Re: Equals() and inheritance
- From: "Jon Skeet [C# MVP]" <skeet@xxxxxxxxx>
- Date: Mon, 26 Nov 2007 06:41:56 -0800 (PST)
On Nov 26, 2:16 pm, Alex Cohn <AlexC...@xxxxxxxxxxxxxxxxxxxxxxxxx>
wrote:
In C++, inheritance works through a virtual table. Each object refers to a
table of virtual functions. The overloaded Equals() for object of type B is
in the object's table. Therefore, even if the object is "known" to the
compiler as type A reference, the call will peform the B::Equals() call. I am
puzzled if C# resolves all overloads at compile time.
You're confusing overloading and overriding. Overriding is performed
at execution time, but overloading is performed at compile time.
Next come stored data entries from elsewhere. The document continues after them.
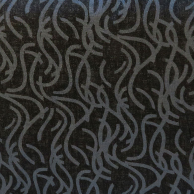 This line from Studio E is made especially for quilt backs to eliminate any seams – and save money too! 108″/274cm wide and made from 100% cotton, this noodle design is white on black background.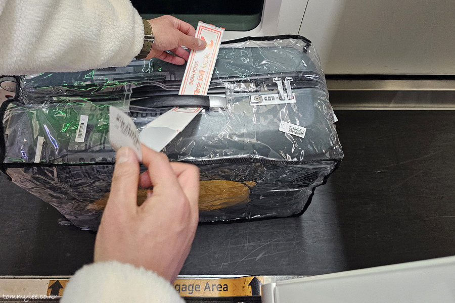 지인분께서 능숙한 손놀림으로 수하물 태그를 부착 중인 모습입니다..
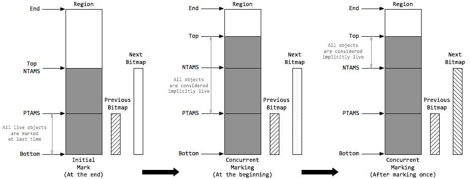 要标记存活的对象,每个分区都需要创建位图(Bitmap)信息来存储标记数据,来确定标记周期内被分配的对象。G1采用了两个位图Previous Bitmap、Next Bitmap,来存储标记数据,Previous位图存储上次的标记数据,Next位图在标记周期内不断变化更新,同时Previous位图的标记数据也越来越过时,当标记周期结束后Next位图便替换Previous位图,成为上次标记的位图。同时,每个分区通过顶部开始标记(TAMS),来记录已标记过的内存范围。同样的,G1使用了两个顶部开始标记Previous TAMS(PTAMS)、Next TAMS(NTAMS),记录已标记的范围。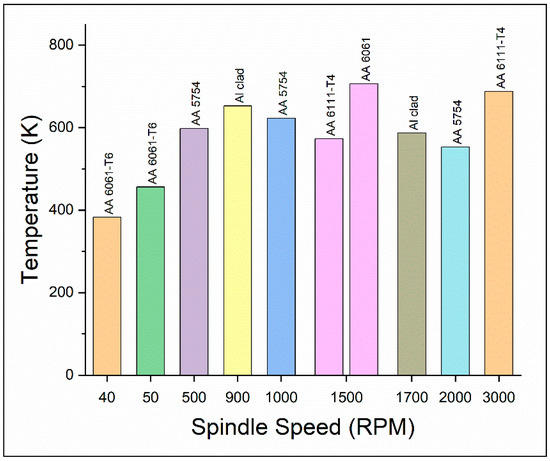 Also in a friction welding process, incipient melting may occur, since the shear strength of the plasticized metals tends to decrease significantly if the temperature reaches the solidus temperature. Thus, no further temperature rise takes place as a drop-in heat efficiency occurs in the process. The maximum temperature generated at different spindle speeds is shown in Figure 7. It was observed that the temperature changes with a change in spindle speed. Then, some fluctuation can also be observed until the temperature reaches its highest and then with the increasing RPM, the value of the temperature becomes more identical. From the plot, it can be concluded that the welding peak temperature remains between 523 K and 723 K. The lowest temperature was achieved at low spindle speed, i.e., 40 RPM and 50 RPM because of the low strain rate of the material.
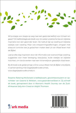Wil je stapje voor stapje op weg naar een gezonde leefstijl voor lichaam en geest? Dit leefstijldagboek biedt voor 24 weken praktische tips en bijbelse inspiratie voor een gezonder leven. De nadruk ligt op voeding en bijbelse weetjes over voeding. Maar ook ontspanningsoefeningen, omgaan met stress en controle over je gedachten maken deel uit van Vitaal leven met de Bijbel.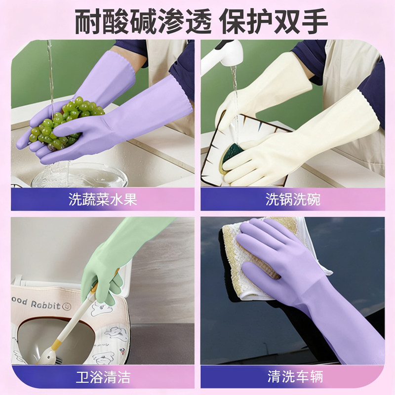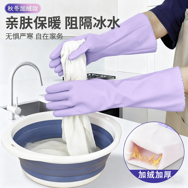 洗碗手套加绒加厚保暖家用男女清洁防水胶皮洗衣加长家务防滑洗车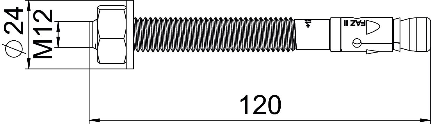 Anchor/nail/bolt version Spreading anchor Approvals available yes Clamping range, max. 40 mm Clamping range, min. 20 mm Colour stainless steel Dimension M12x120 Dimension L 120 mm Drill hole diameter, min. 12 mm Length 120 mm Material Stainless steel Thread M12 Thread length 71 mm Thread metric 12 Thread type Metric Version for For pushing in - All types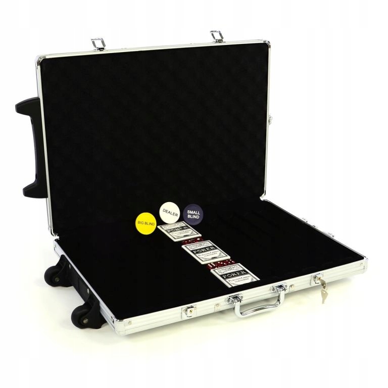 Сильна алюмінієва валіза на колесах з трьома блискавками та намальованою ручкою ідеально підходить до 1000 жетонів для покеру. Ви повинні купувати жетони, які ви можете вибрати індивідуально, решта Vybavení включена.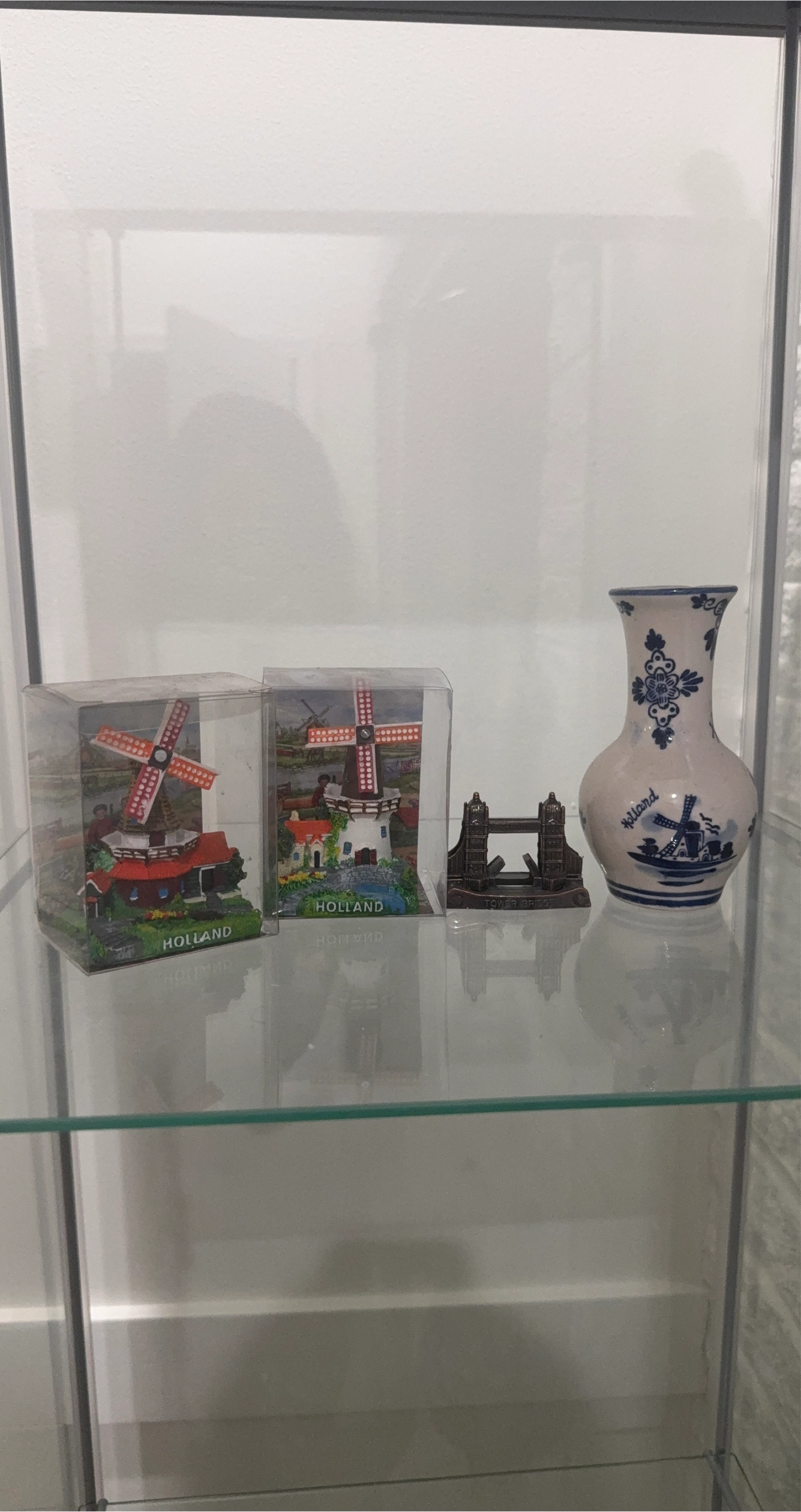 Selling a set of Holland-themed souvenirs! Includes a windmill in a box, a small Tower Bridge replica, and a Delft-style vase with a windmill design. Perfect for collectors or as a reminder of your travels!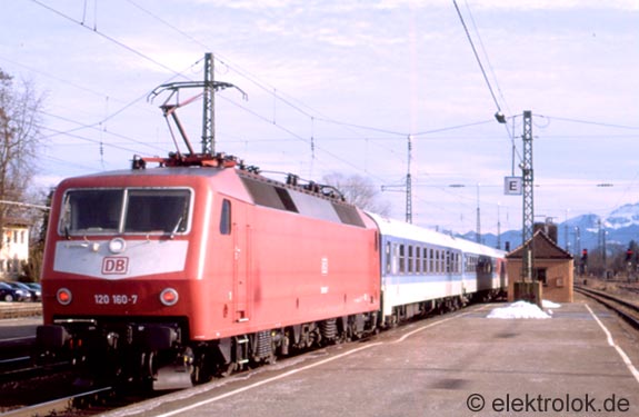 Mit nur sechzig Lokomotiven ist die Baureihe 120.1 weit unter den ursprünglich geplanten Stückzahlen geblieben. Mittlerweile bereits Geschichte sind die Einsätze im Interregio-Dienst. Am 06. Februar 2001 ist 120 160 mit ihrem IR 2095 auf dem Weg von München nach Salzburg. Gerade verlässt der Zug den Bahnhof Rosenheim.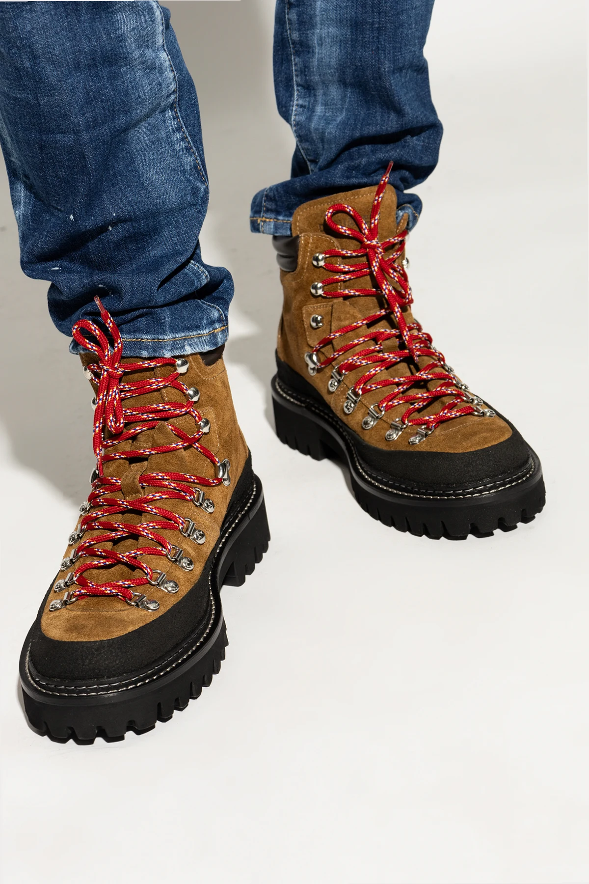 Odkryj elegancję i funkcjonalność w jednym, wybierając Zamszowe buty za kostkę od Dsquared2 . Te ekskluzywne buty trekkingowe, wykonane z najwyższej jakości brązowego zamszu, łączą w sobie luksusowy wygląd z niezrównaną trwałością.

I
believe C++ works the same way.
Jon
.
- References:
- Equals() and inheritance
- From: Alex Cohn
- Re: Equals() and inheritance
- From: Jon Skeet [C# MVP]
- Equals() and inheritance
- Prev by Date: Re: How do you make a variable persist in memory?
- Next by Date: Re: Dispose(bool), Idisposable, form closing etc.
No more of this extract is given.